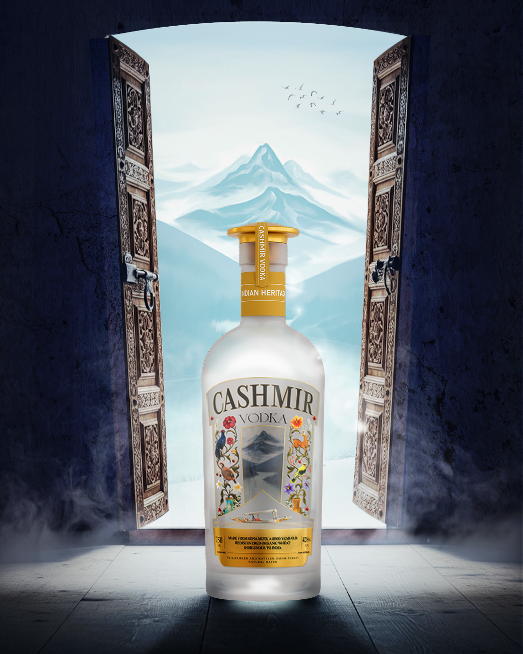Crafted with precision, Cashmir Vodka undergoes an intricate journey of seven-time distillation process, where the liquid is slowly refined and transformed. The impurities fall away, leaving behind a spirit that flows like silk and lingers with quiet clarity. Born from rare organic Sona Moti wheat and the untouched waters of the Himalayas, this vodka carries depth, softness and purity in every sip.
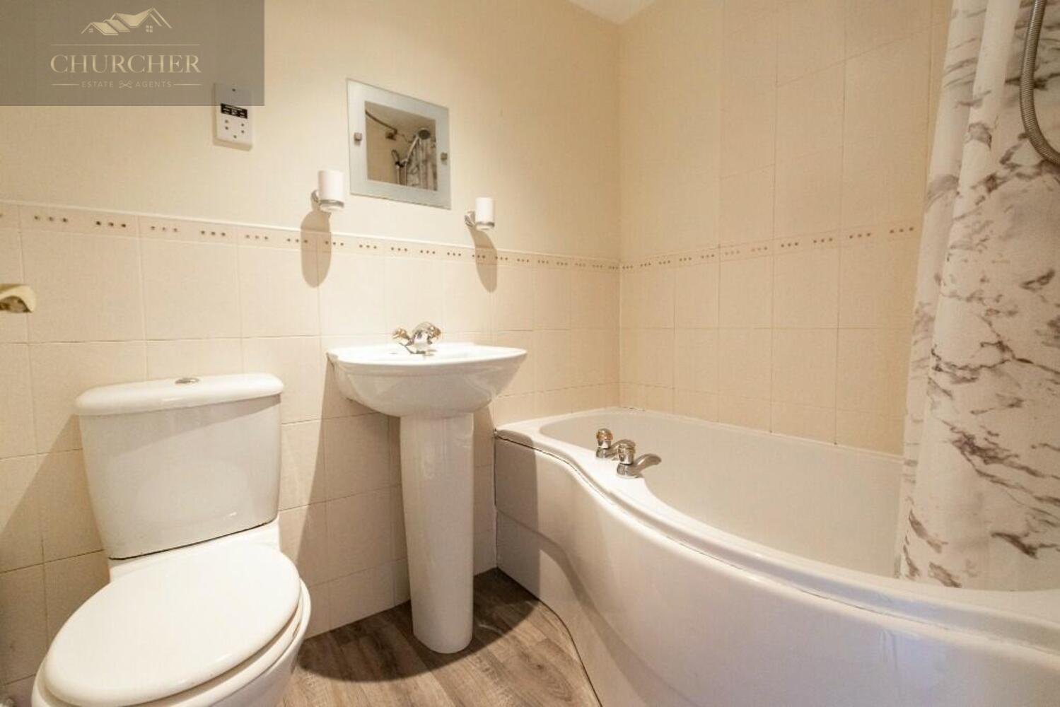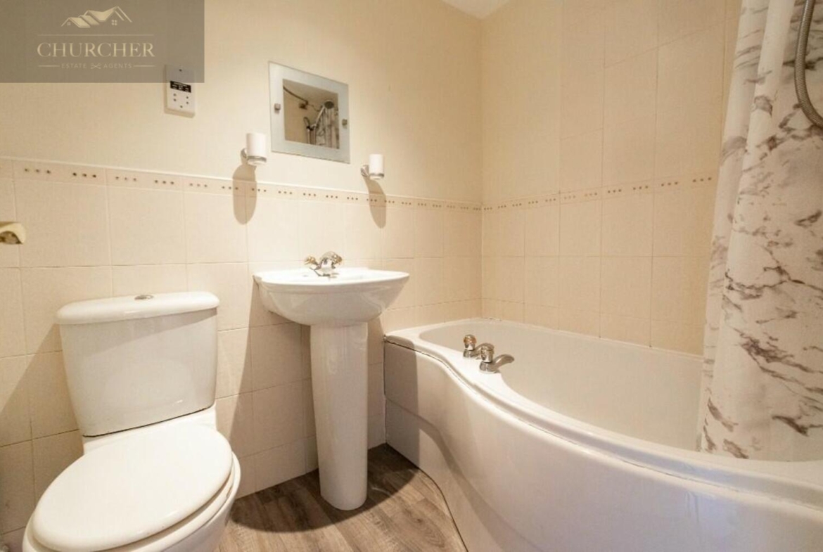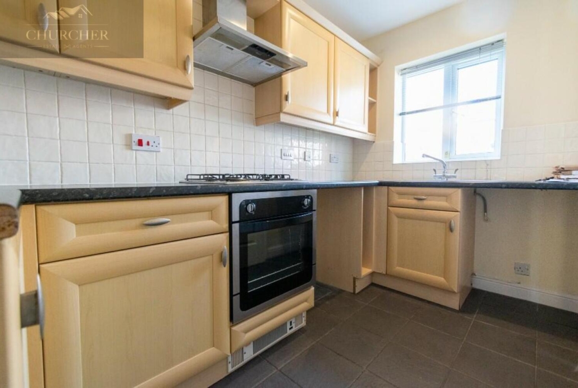 The property briefly comprises of entrance hallway which leads into a modern fitted kitchen with built in appliances and ample storage space provided by the cupboards throughout. To the rear of the property is a spacious living room which could be used as a lounge and dining area combined. Double doors lead out to the garden giving plenty of natural light to the room. Also on the ground floor is a WC. To the first floor are two neutrally decorated double bedrooms, and a modern bathroom with shower over the bath, basin and toilet.
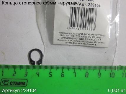 Кольцо стопорное ф 9мм наружн. МПЭ-1250 [229104]
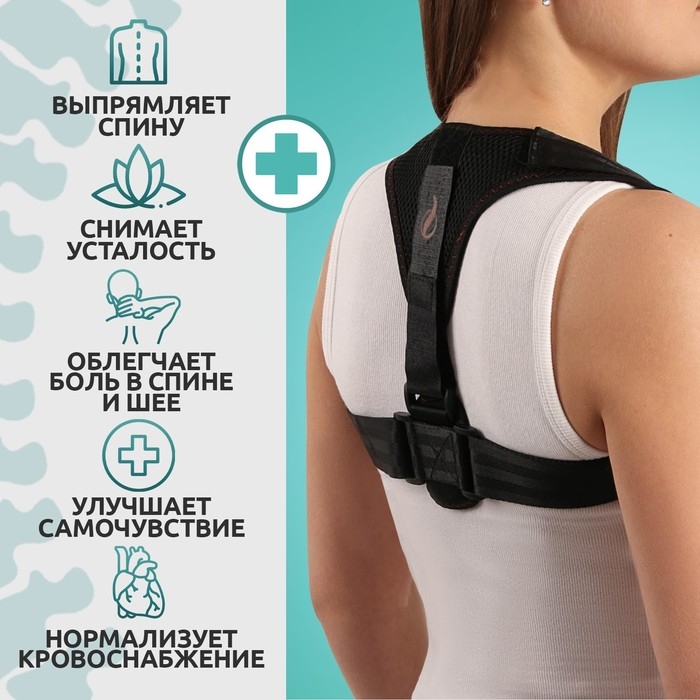 Массажёр - фиксатор для осанки, на липучках, размер универсальный, цвет чёрный
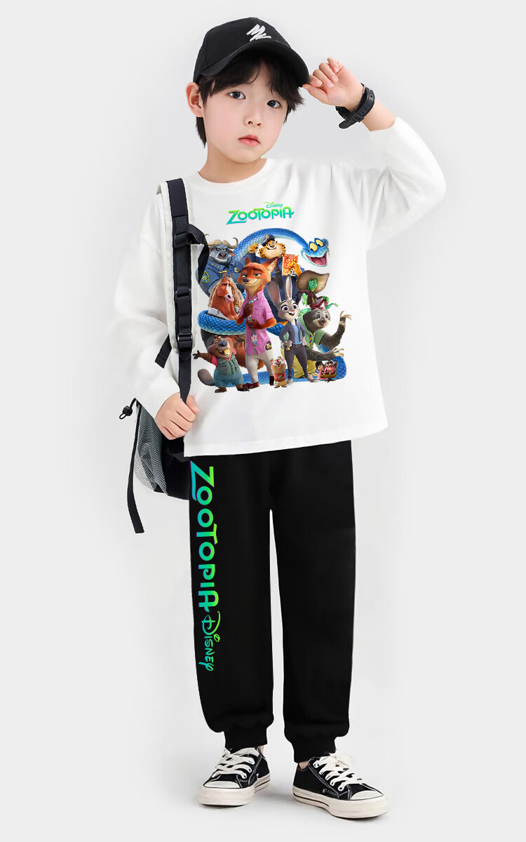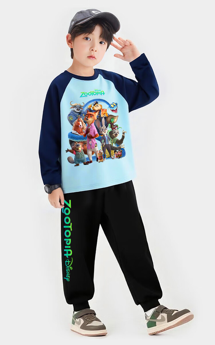 Oxygen Zootopia 2 Long Sleeve T-Shirt Cotton Zootopia Clothes Children's Nick Judy Boys Top Light Blue-Zootopia 130 cm
______
◆ **Requirement**
Only one stretch of the material above is wanted: the line containing "The property briefly" through the line containing "Кольцо стопорное ф". Restate it word for word, minus the pictures.

◆ **Answer to the exercise**
 The property briefly comprises of entrance hallway which leads into a modern fitted kitchen with built in appliances and ample storage space provided by the cupboards throughout. To the rear of the property is a spacious living room which could be used as a lounge and dining area combined. Double doors lead out to the garden giving plenty of natural light to the room. Also on the ground floor is a WC. To the first floor are two neutrally decorated double bedrooms, and a modern bathroom with shower over the bath, basin and toilet.
 Кольцо стопорное ф 9мм наружн. МПЭ-1250 [229104]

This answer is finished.